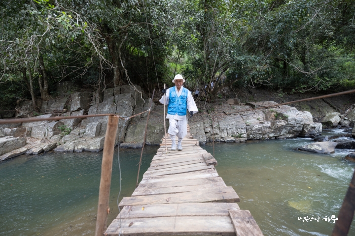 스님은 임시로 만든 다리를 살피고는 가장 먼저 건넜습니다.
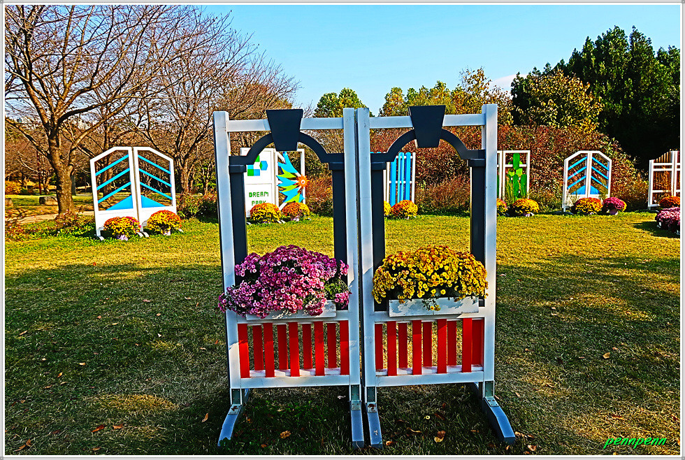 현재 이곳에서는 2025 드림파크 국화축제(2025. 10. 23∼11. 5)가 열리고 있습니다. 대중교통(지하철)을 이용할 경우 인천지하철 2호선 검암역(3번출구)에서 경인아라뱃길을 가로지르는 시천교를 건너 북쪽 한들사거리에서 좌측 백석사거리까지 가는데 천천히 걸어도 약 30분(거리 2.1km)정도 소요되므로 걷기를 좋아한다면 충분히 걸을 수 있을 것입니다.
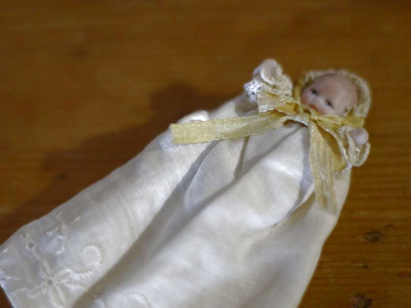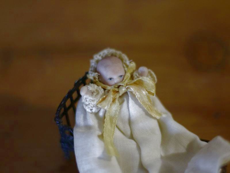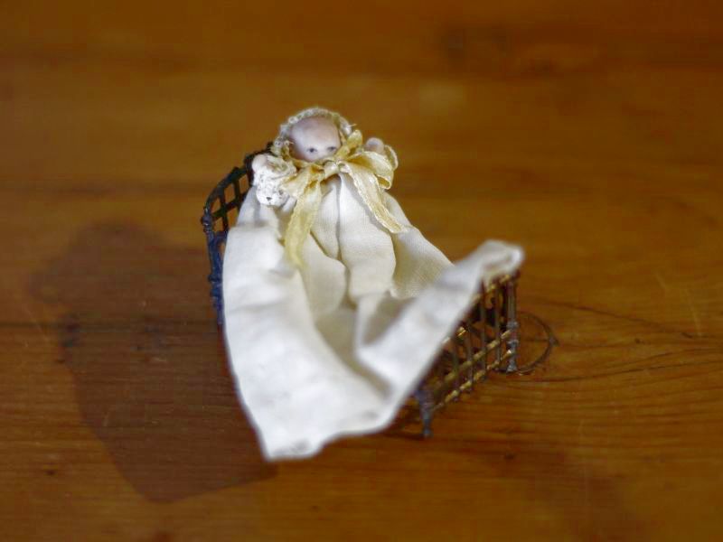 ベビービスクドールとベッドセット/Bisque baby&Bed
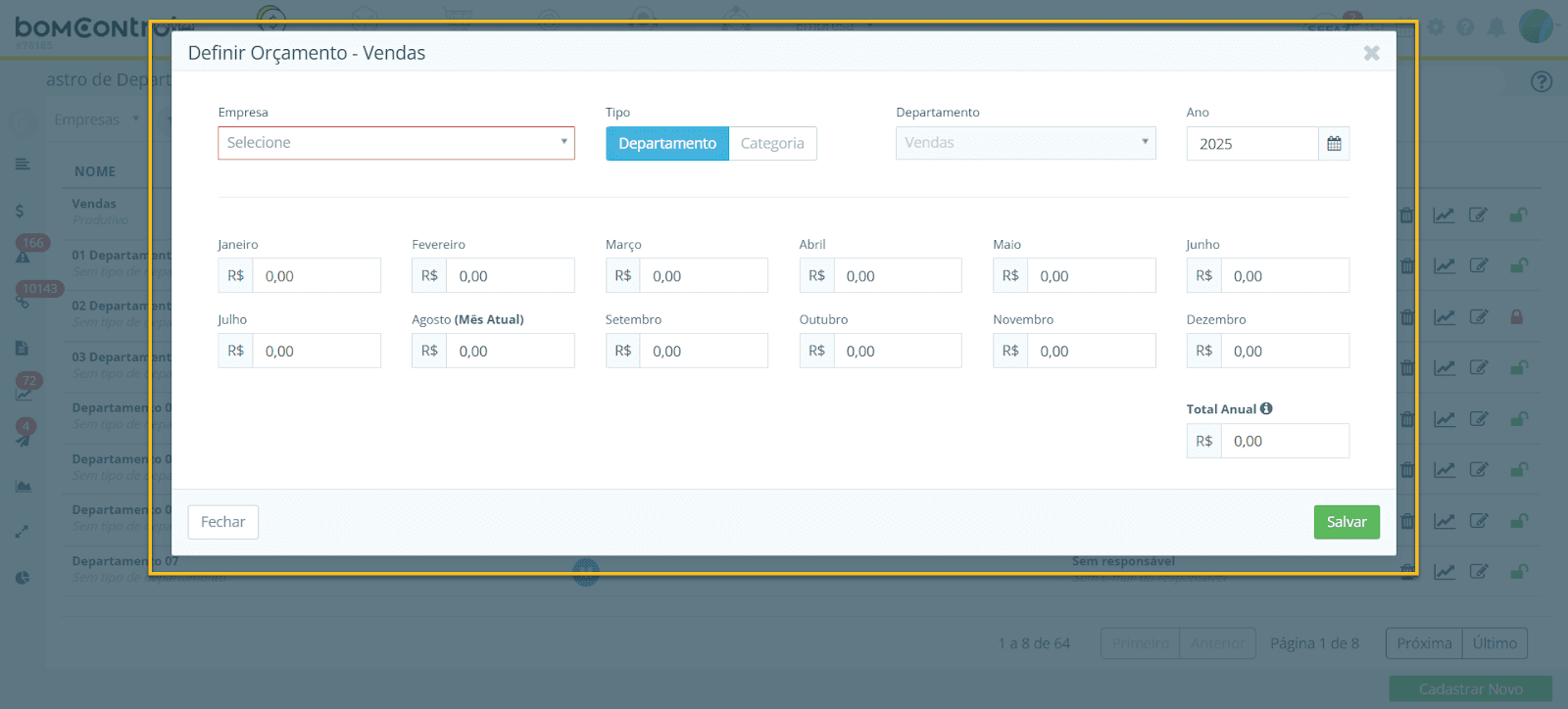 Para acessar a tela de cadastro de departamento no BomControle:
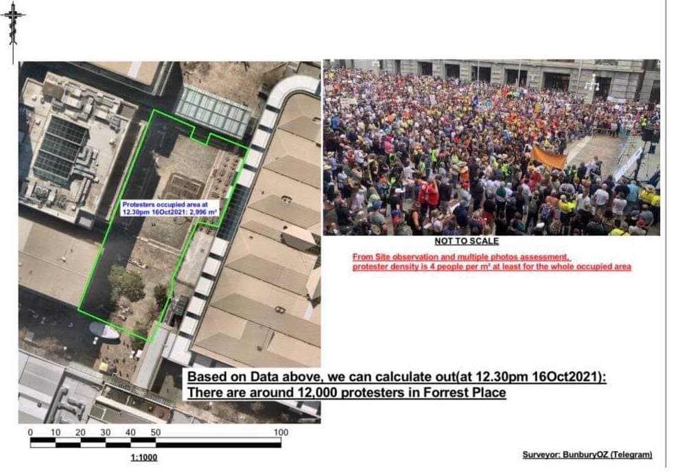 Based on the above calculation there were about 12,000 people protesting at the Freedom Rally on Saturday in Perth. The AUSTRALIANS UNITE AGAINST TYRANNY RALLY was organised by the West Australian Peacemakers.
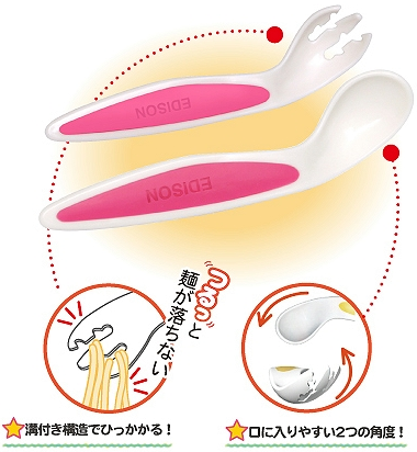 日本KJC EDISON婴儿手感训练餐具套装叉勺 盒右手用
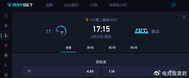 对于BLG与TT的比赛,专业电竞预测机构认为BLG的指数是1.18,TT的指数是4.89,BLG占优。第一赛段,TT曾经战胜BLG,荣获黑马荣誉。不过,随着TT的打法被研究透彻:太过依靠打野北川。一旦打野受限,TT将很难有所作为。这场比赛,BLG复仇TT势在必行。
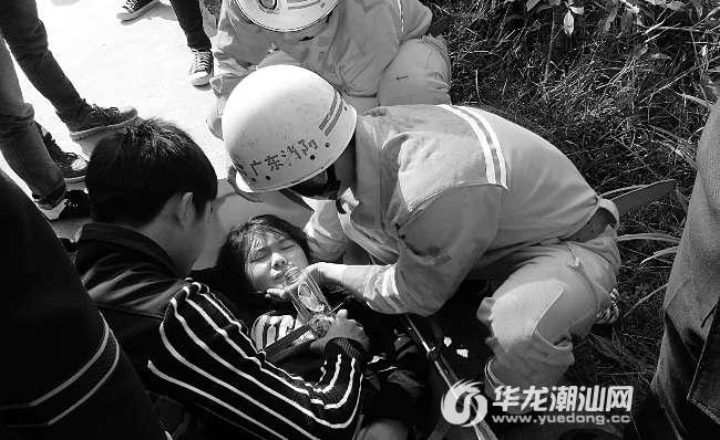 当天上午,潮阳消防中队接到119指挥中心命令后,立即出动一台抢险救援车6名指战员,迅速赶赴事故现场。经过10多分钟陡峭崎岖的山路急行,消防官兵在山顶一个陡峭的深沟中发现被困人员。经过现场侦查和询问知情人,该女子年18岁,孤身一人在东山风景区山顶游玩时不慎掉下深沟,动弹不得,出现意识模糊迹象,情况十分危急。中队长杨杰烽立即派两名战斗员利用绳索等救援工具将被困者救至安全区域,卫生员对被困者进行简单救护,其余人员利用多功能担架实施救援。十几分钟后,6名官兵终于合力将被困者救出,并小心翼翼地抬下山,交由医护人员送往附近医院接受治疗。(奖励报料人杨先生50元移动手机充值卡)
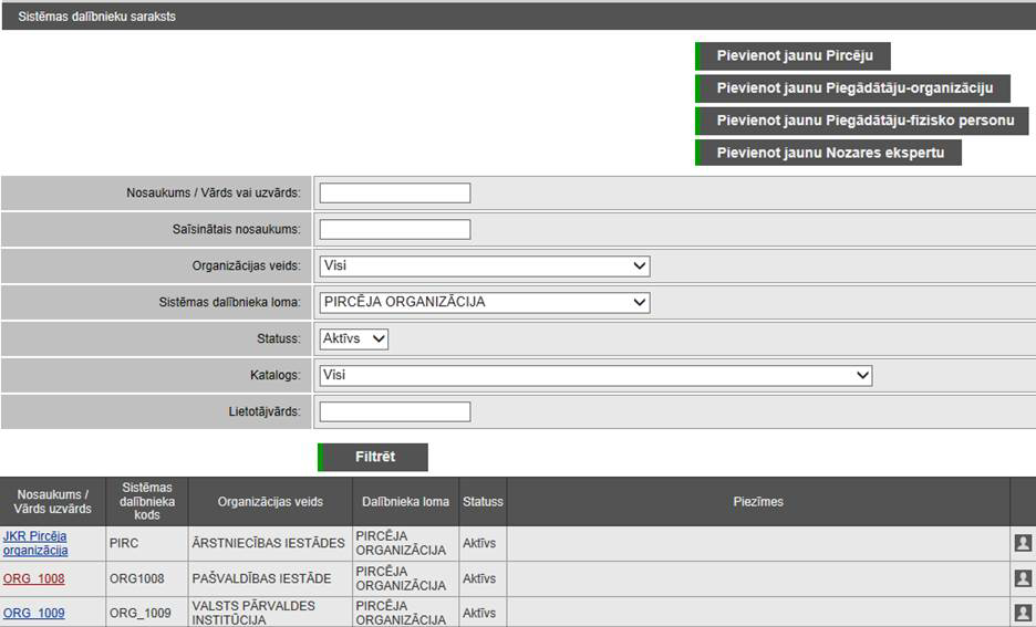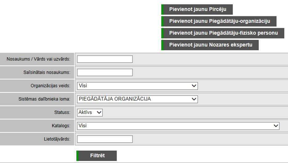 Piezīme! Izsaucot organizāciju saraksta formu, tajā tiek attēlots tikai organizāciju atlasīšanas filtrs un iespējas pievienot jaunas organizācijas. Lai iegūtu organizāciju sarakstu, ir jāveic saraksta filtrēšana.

• • • •

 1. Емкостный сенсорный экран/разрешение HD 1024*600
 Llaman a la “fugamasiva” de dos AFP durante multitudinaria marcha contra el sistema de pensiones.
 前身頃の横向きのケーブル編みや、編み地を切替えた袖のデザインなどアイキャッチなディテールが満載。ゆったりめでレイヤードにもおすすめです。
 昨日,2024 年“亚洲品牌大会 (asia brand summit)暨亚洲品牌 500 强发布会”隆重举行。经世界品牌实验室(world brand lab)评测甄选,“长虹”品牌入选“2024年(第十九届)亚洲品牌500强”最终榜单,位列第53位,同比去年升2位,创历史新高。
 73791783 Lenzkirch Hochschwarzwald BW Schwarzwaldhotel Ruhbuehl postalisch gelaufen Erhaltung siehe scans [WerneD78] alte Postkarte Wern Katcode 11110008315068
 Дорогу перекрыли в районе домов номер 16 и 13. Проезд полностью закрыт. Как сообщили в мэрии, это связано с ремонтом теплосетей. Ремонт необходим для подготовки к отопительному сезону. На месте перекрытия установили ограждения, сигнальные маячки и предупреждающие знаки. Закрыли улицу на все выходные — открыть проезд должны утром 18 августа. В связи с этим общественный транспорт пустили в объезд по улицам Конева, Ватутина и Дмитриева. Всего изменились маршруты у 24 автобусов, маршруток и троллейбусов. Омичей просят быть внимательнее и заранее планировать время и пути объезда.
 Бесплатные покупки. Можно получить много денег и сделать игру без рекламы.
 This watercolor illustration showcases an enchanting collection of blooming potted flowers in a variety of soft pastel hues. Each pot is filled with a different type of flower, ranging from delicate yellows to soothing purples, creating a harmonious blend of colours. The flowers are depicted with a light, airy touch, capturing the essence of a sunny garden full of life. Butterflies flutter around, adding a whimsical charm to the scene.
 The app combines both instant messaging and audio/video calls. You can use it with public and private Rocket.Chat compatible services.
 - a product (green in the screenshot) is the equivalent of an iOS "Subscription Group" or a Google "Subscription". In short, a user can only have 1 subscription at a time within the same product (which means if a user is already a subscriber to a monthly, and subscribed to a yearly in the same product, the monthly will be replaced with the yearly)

• • • •

Your task - Copy out, from the listing above, every line that contains the word "with".

Result of this exercise -
 This watercolor illustration showcases an enchanting collection of blooming potted flowers in a variety of soft pastel hues. Each pot is filled with a different type of flower, ranging from delicate yellows to soothing purples, creating a harmonious blend of colours. The flowers are depicted with a light, airy touch, capturing the essence of a sunny garden full of life. Butterflies flutter around, adding a whimsical charm to the scene.
 The app combines both instant messaging and audio/video calls. You can use it with public and private Rocket.Chat compatible services.
 - a product (green in the screenshot) is the equivalent of an iOS "Subscription Group" or a Google "Subscription". In short, a user can only have 1 subscription at a time within the same product (which means if a user is already a subscriber to a monthly, and subscribed to a yearly in the same product, the monthly will be replaced with the yearly)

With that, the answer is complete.